Source records:
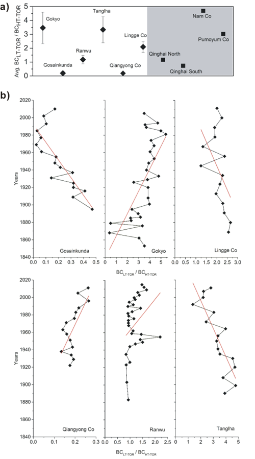 图 3. 不同湖泊沉积物中BCLT-TOR/BCHT-TOR 比值 (a) 及变化趋势(b)
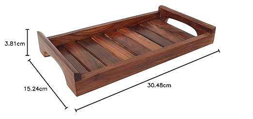 Set of 2 Handcrafted Wooden Serving Trays Multipurpose for Storage and Decoration Wood Tray Collection
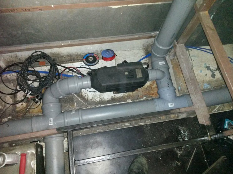 Ilmawebasto tulee lattian alle pöhisemään. Ilma kulkee lattian alla isoissa putkissa eri hytteihin. Ylöspäin lähtevä putki on ilman tuloputki, jonka väliin tulee vielä perus puhallin. Sillä saa sitten myös tuuletettua ilman webastoa.
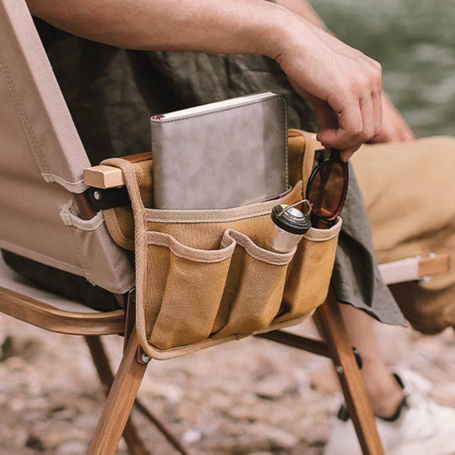 야외 캠핑 캔버스 의자, 스툴, 팔걸이 걸이 가방, 측면 다기능 휴대용 수납 가방, 캠핑 용품스토어 가기
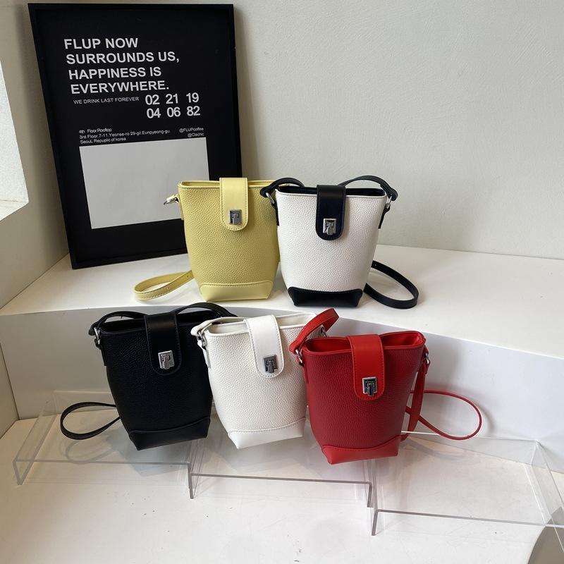 Simple Small Bag Women's New Fashion Lychee Pattern Bucket Bag Casual Trend Shoulder Messenger Women's Bag
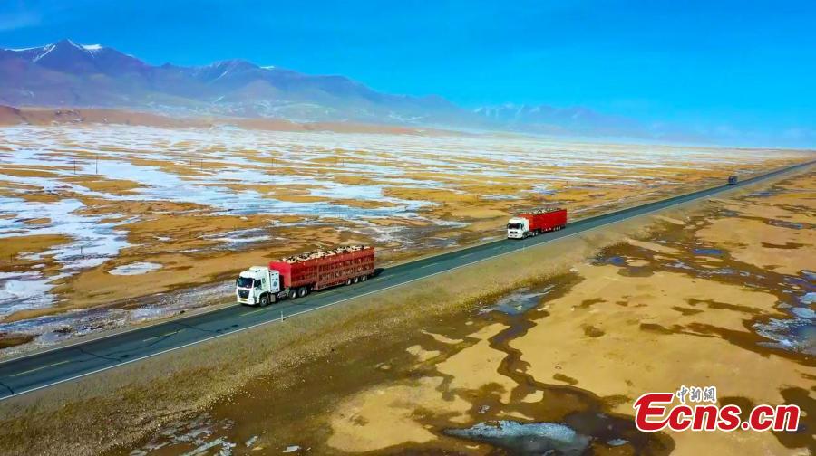 Herdsmen drive trucks on the journey to spring pastures at Bayingol Mongolian Autonomous Prefecture, northwest China's Xingjiang Uygur Autonomous Region. (Photo: China News Service/Gan Minglian)

# [Task to complete]
Nothing but the lines from the one that contains "Ilmawebasto tulee lattian" through the last line of the records belongs in the answer, reproduced exactly, with no pictures.

# [Solution to this task]
 Ilmawebasto tulee lattian alle pöhisemään. Ilma kulkee lattian alla isoissa putkissa eri hytteihin. Ylöspäin lähtevä putki on ilman tuloputki, jonka väliin tulee vielä perus puhallin. Sillä saa sitten myös tuuletettua ilman webastoa.
 야외 캠핑 캔버스 의자, 스툴, 팔걸이 걸이 가방, 측면 다기능 휴대용 수납 가방, 캠핑 용품스토어 가기
 Simple Small Bag Women's New Fashion Lychee Pattern Bucket Bag Casual Trend Shoulder Messenger Women's Bag
 Herdsmen drive trucks on the journey to spring pastures at Bayingol Mongolian Autonomous Prefecture, northwest China's Xingjiang Uygur Autonomous Region. (Photo: China News Service/Gan Minglian)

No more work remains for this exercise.